The zip file will contain logs for all currently running Kubernetes deployments, and in a directory called extra
, logs collected by the Grafana Loki subsystem, which will include transcription job logs, and logs for Kubernetes pods which have completed.
Requesting too large a time interval may timeout the request, in which case you may need to log onto the box and use kubectl
commands directly, or use one of the techniques in the next section.
Advanced Log Collection
In addition to the logs endpoint in the Management API, which downloads a zip file of recent logs, more fine grained access to logs is available using logcli
, the command-line client for Loki log aggregation (part of the Grafana ecosystem)
https://github.com/jafernandez73/grafana-loki/blob/master/docs/logcli.md
Loki exposes a logs endpoint on port 3100, however due to an unfixed critical security issue CVE-2024-24790 access to loki is blocked from outside the k3s cluster. To re-enable access to loki follow the steps here
The Realtime appliance is shipped with a later version of Loki and is unnaffected by the above security issue and hence loki is not blocked by default, hence the above step is not required.
The Appliance exposes the Loki logs endpoint on port 3100, using an org-id of "fake", which is the Loki standard for a single-tenant installation. As with Prometheus, the default credentials are admin:admin
unless changed by the user.
Query Logs for a Particular k8s Deployment
export LOKI_ADDR=https://${APPLIANCE_HOST}:3100/
./logcli \
-o raw \
--username admin \
--password admin \
--tls-skip-verify \
--org-id=fake query '{instance=~".+:k8sbuffer"}'
We use the -o raw
switch because logs are already in JSON format.
Query Limits
Query results are limited to 1000 entries by default, and series
and labels
commands return results within the default period (1 hour). To extend the default period, use the --from
switch (as shown in an example below).
Getting the Logs for a Specific Job
For a job with id 1o9islfv29
, first find which series this corresponds to:
export LOKI_ADDR=https://${APPLIANCE_HOST}:3100/
./logcli \
-o jsonl \
--username admin \
--password admin \
--tls-skip-verify \
--org-id=fake series \
--from="2023-12-13T10:00:00Z" '{}' | grep 1o9islfv29
{instance="default/job-1o9islfv29-h8cw7:blobuploader", job="loki.source.kubernetes.pods"}
{instance="default/job-1o9islfv29-h8cw7:transcriber", job="loki.source.kubernetes.pods"}
{instance="default/job-1o9islfv29-h8cw7:preprocessor", job="loki.source.kubernetes.pods"}
Three series are listed because a transcription job (corresponding to a Kubernetes job) has three containers in its Kubernetes pod.

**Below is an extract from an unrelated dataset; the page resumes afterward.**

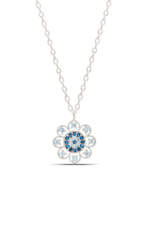 Nazar Temalı 925 Ayar Gümüş Kadın Kolye, kötü enerjilerden korunmanın ve şansı davet etmenin zarif bir simgesidir. Nazar boncuğu motifli bu kolye, geleneksel Türk kültüründe yaygın olarak kullanılan koruyucu bir sembolü modern ve zarif bir tasarımla birleştiriyor. 925 ayar gümüşten özenle işlenmiş olan bu kolye, günlük şıklığınızı tamamlarken aynı zamanda sizi olası negatif etkilerden koruyacak bir kalkan sunuyor.
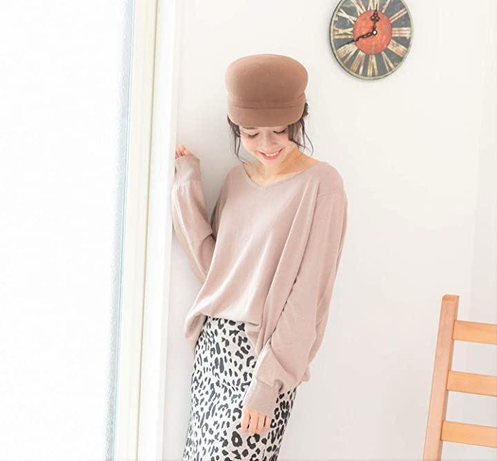 体形カバー力絶大*Vネックと、裾ワイドリブですっきりスタイルアップして見せるふんわり綿ニット。

You can request one at once (usually the transcriber log is most useful), or all three by using a *
wildcard, like this: '{instance=~"default/job-1o9islfv29-h8cw7:.*"}'
. Note that using a wildcard will merge the logs.
export LOKI_ADDR=https://${APPLIANCE_HOST}:3100/
./logcli \
-o raw \
--username admin \
--password admin \
--tls-skip-verify \
--org-id=fake query --from="2023-12-13T10:00:00Z" '{instance="default/job-1o9islfv29-h8cw7:transcriber"}'
{"jobid": "1o9islfv29", "Request-ID": "477c5bc3ad4027d973b59f2f9ec4276e", "msg": "Shutdown complete", "level": "INFO", "time": "2024-01-05T11:33:19.733285"}
{"msg": "Eats client process finished", "level": "INFO", "time": "2024-01-05T11:33:19.717805"}
{"msg": "Transcribed 4 seconds of speech", "level": "INFO", "time": "2024-01-05T11:33:19.503377"}
{"jobid": "1o9islfv29", "Request-ID": "477c5bc3ad4027d973b59f2f9ec4276e", "msg": "RTF: 3.291123", "level": "INFO", "time": "2024-01-05T11:33:19.502920"}
...
The transcriber log can also be requested more simply via the jobs API itself.
If you have issues with HTTP notifications being sent, examine the log of the blobuploader
which is the final stage of the transcription process. If there are problems with audio format or pulling audio from a remote source, examine the preprocesor
logs.